Adams commenced his law practice in Yanceyville, Caswell County. As a Republican party stalwart, he was elected clerk of the superior court and probate judge for Caswell County in 1882 and reelected in 1886, 1890, and 1894. In 1896 he resigned this office and was elected judge of the superior court. In this latter capacity, Adams handed down a notable decision in the case of Wood v. Bellamy, involving efforts of the Fusionists (the coalition of Republicans and Populists) to abolish state institutional offices, recharter eleemosynary institutions under different names, and fill the vacated positions with political appointees. This action, Adams maintained, would subject state institutions to undue political pressure and interference; his decision was subsequently upheld by the state supreme court. In 1898 Adams resigned as superior court judge to run for Congress in the fifth district, a Democratic party stronghold. In this contest he was defeated by his Democratic opponent, William Walton Kitchin. In the same year Adams moved to Greensboro to practice law. He was chosen by Republicans as secretary and treasurer of the North Carolina Railroad, a position he filled from 1899 to 1901.

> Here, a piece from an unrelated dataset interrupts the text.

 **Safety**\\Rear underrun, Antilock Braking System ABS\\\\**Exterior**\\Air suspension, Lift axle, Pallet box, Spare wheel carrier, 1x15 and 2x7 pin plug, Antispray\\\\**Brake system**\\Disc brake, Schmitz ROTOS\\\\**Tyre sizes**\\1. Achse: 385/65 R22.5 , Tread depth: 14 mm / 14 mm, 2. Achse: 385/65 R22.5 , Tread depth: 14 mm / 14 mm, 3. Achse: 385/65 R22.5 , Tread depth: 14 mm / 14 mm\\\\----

In May 1900, the Republican state convention nominated Adams as its gubernatorial candidate to oppose Charles B. Aycock. The Republican losses of 1898 and the white supremacy violence of the Red Shirts and the Wilmington Coup and the suffrage amendment presaged defeat. However, Adams's receipt of over 125,000 votes and his successful pressure on Aycock to take a more forthright stand on the issue of public education indicate that he managed a creditable campaign. President Theodore Roosevelt appointed Adams chief judge of the Choctaw and Chickasaw Citizenship Court in the Indian Territory in July 1902. This court completed its work at the end of 1904, and Adams returned to Greensboro to resume his legal practice.

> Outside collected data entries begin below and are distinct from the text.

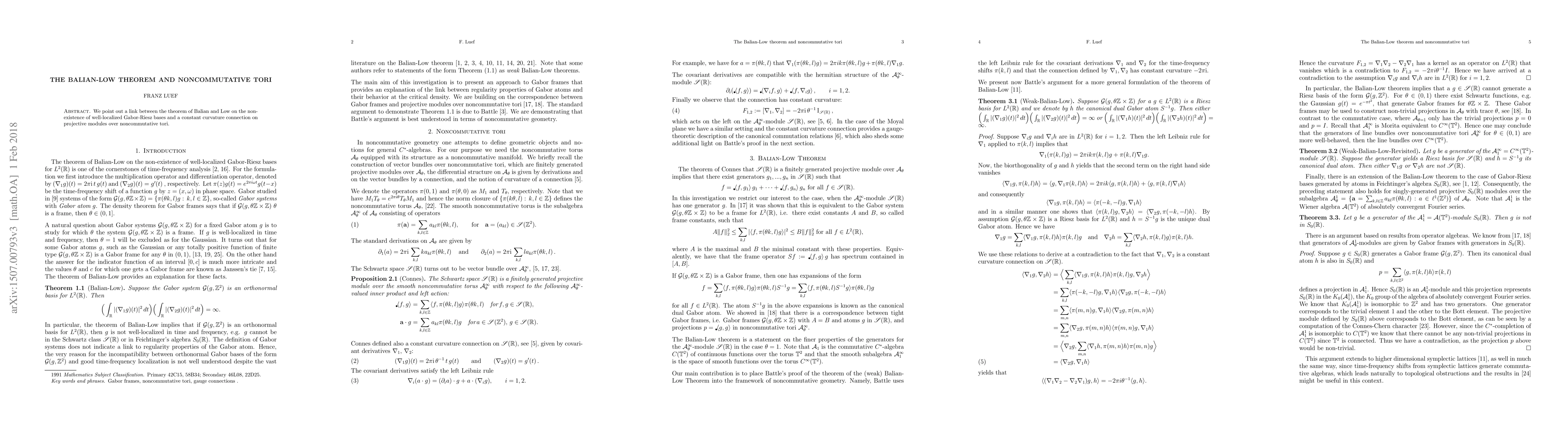 We point out a link between the theorem of Balian and Low on the non-existence of well-localized Gabor-Riesz bases and a constant curvature connection on projective modules over noncommutative tori.
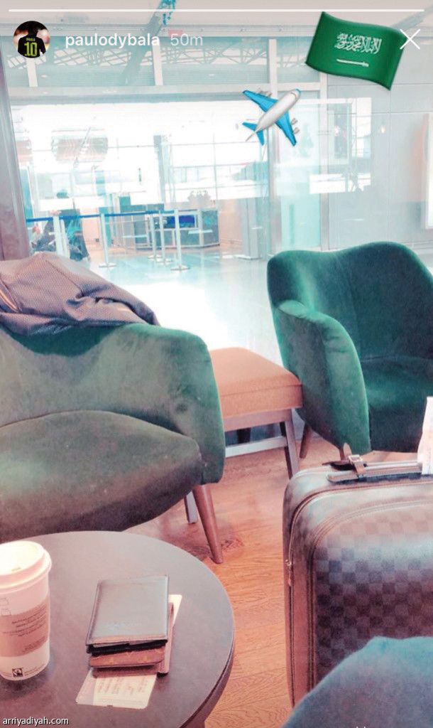 نشر النجم العالمي باولو ديبالا لاعب يوفنتوس الإيطالي ومنتخب الأرجنتين، صورة عبر حسابه في موقع التواصل الاجتماعي "إنستجرام" وهو في صالة الانتظار في المطار، وأضاف أيقونة لعلم السعودية وأيقونة أخرى لطائرة.
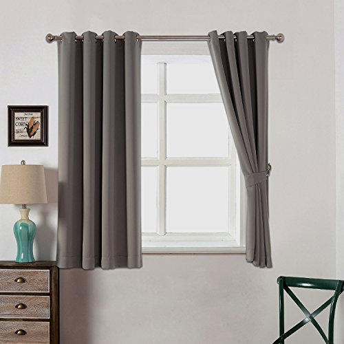 MEASUREMENT--Set of 2 panels: 104"W X 63"L, each panel: 52"W X 63"L,easy hanging with 8 antique bronze metal eyelets each panel,1-3/5 inch inner diameter for rods up to 1-3/8 inch diameter.FREE GIFT!-2 matching tie back included.
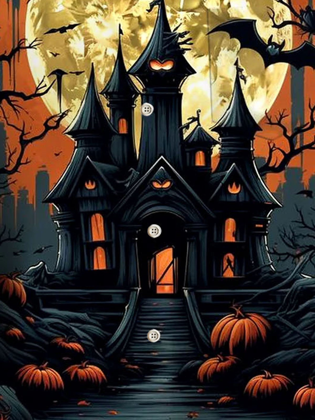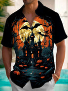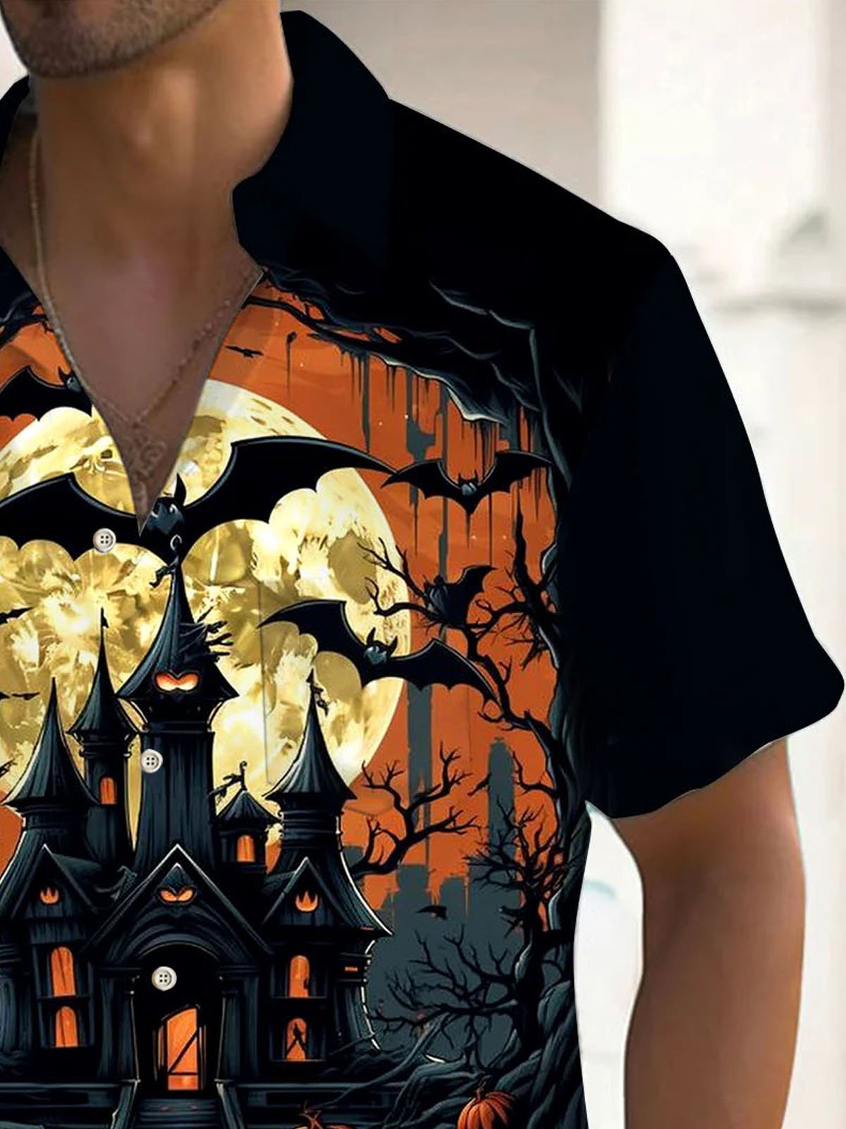 Alohadaddy Halloween Castle Bat 3D Digital Print Men's Button Pocket Short Sleeve Shirt Big & Tall
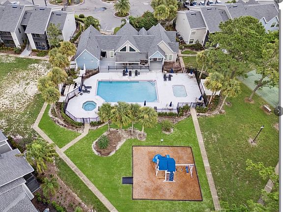 Condo is a bottom floor corner unit so there's no neighbors on 1 side & it has a screened patio to sit & enjoy the views & you can exit from it as well. Pool is close by but not too close where you hear noise. It's very peaceful & quiet.

In 1905 Adams became involved in a bitter factional dispute in Republican ranks that involved state chairman Thomas S. Rollins and former United States Senator Marion Butler, who were pitted against Congressman Edmond Spencer Blackburn. The strategy of the Rollins, Butler, and Adams faction involved the resignation of Rollins as state chairman and his replacement by Adams. Subsequently, Adams was chosen over Spencer Blackburn as state chairman in the 1906 Republican state convention in Greensboro. The faction to which Adams belonged was believed to represent the established leadership of the party and was strongly endorsed by the Daily Industrial News of Greensboro. Adams maintained that as chairman he augmented party membership, and the congressional and state races of 1908 attested to formidable gains in the Republican vote. In 1910 Adams was replaced as Republican state chairman by John Motley Morehead of Charlotte. Presumably Morehead's election represented a change from the old office broker leadership to the new business and industrial spokesman. Adams was a North Carolina delegate in the Republican National Convention of 1900 and served as a delegate-at-large and member of the platform committee in the 1908 national convention.
Adams continued to practice law in Greensboro. His colleagues took note that during a long career as attorney he frequently represented the oppressed and underprivileged.
Adams combined an interest in farming with his professional and political activities. For many years he operated a stock farm in eastern Guilford County. In 1917 he sold this farm and purchased another near Whitsett, known as Wildwood Stock Farm, where he raised shorthorn cattle and Berkshire hogs.
In 1894 Adams married Lizzie L. Swift. Six children, four daughters and two sons, were born to this union. When Adams died, he was survived by three daughters. He was buried on 15 Jan. 1943 in Green Hill Cemetery in Greensboro.